Sexual harassment is a particular problem in workplaces and in relationships of unequal power. It takes place because men (harassers are usually, though not always, men) abuse their power, and because our culture denies that this is serious—suggesting in effect that "boys will be boys." Sexual harassment can be limited to sexual jokes in a classroom or on the job that make women feel uncomfortable. It is more serious when a woman's professor or boss or co-worker makes a sexual advance, especially when the woman has clearly indicated that such attentions are unwelcome. It is extremely serious when a woman's refusal of a sexual advance results in punitive treatment or denial of a promotion. This is also illegal, although male-dominated judges and grievance committees have been slow to enforce the law.

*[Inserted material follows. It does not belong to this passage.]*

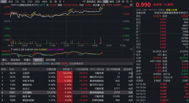 | | | 分时 $日 1分 5分 15分 30分 60分 日 周 月 · | | | | | F9 盘前盘后 叠加 九和 面线 工具 @ 1> | | | | | | --- | --- | --- | --- | --- | --- | --- | --- | --- | --- | --- | --- | | 0.992 | | | | 159131[瑞股信息技术ETF] 14:17 价 0.990 涨跌 0.018(1.85%) 均价 0.982 成交量 125 IDPV 0.9920 | | | | | | 0.990 +0.018 +1.85% | | | | | | | | | | | | | SZSE CNY 14:17:27 交易中 查看L2全国 | | | | | | | | | | | 1,04% | 净值速势 | 华宝中证港股通信息技术综合ET | | | | | | | | | | | | 委出 | 32.42% 委前 | 23940 | | 0.972 | | | | | | | | 0.00% | 旋五 10.05 | 0.994 0.993 | 1276 | | | | | | ...

Sexual harassment causes difficulties not just when women who reject sexual advances are penalized, but whenever women work in an atmosphere where they fear they must either tolerate harassment or lose their jobs. Harassment illustrates the fears – small and large – that women in our society are forced to live with because of the unequal power relationship between men and women. The Hill–Thomas case suggests that women's fear of speaking out is realistic, given the gender inequality built into the social structure.

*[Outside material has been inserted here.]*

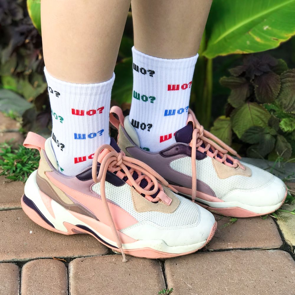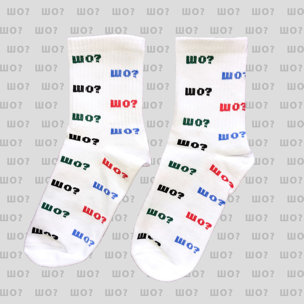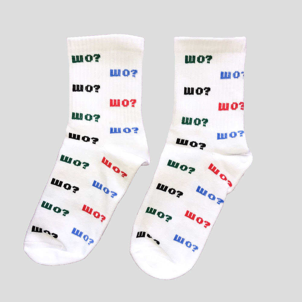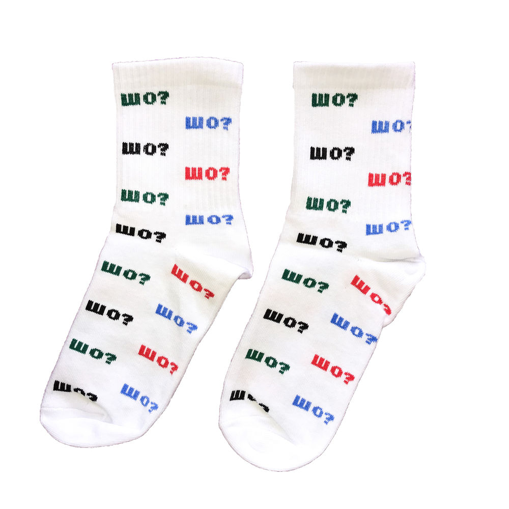 • Носки Sunny Focks белого цвета с надписью "Шо?"

Sexual harassment is not as extreme a crime as rape, but the underlying problems are similar. Both are products of a culture that encourages male sexual aggressiveness, and both have been dismissed by the "powers that be" because of the comparative powerlessness of women. It is still difficult, for example, to get date rape (forced sexual intercourse with a person the victim went out with voluntarily) taken seriously as a crime. Men, who have the power through the legal system to define what constitutes rape, typically consider this sort of assault trivial or even blame the victim for having provoked it. In one famous case of date rape, the boxer Mike Tyson was convicted of raping a contestant in the Miss Black America beauty pageant. In an echo of the Hill–Thomas case, thousands of African-American church women were startled to hear the head of their religious denomination say that Tyson should be given a light sentence or set free – and some other ministers backed him up. As the women noted, all the ministers were male. Even though women were a majority of the church members, the men dominated the leadership of the church.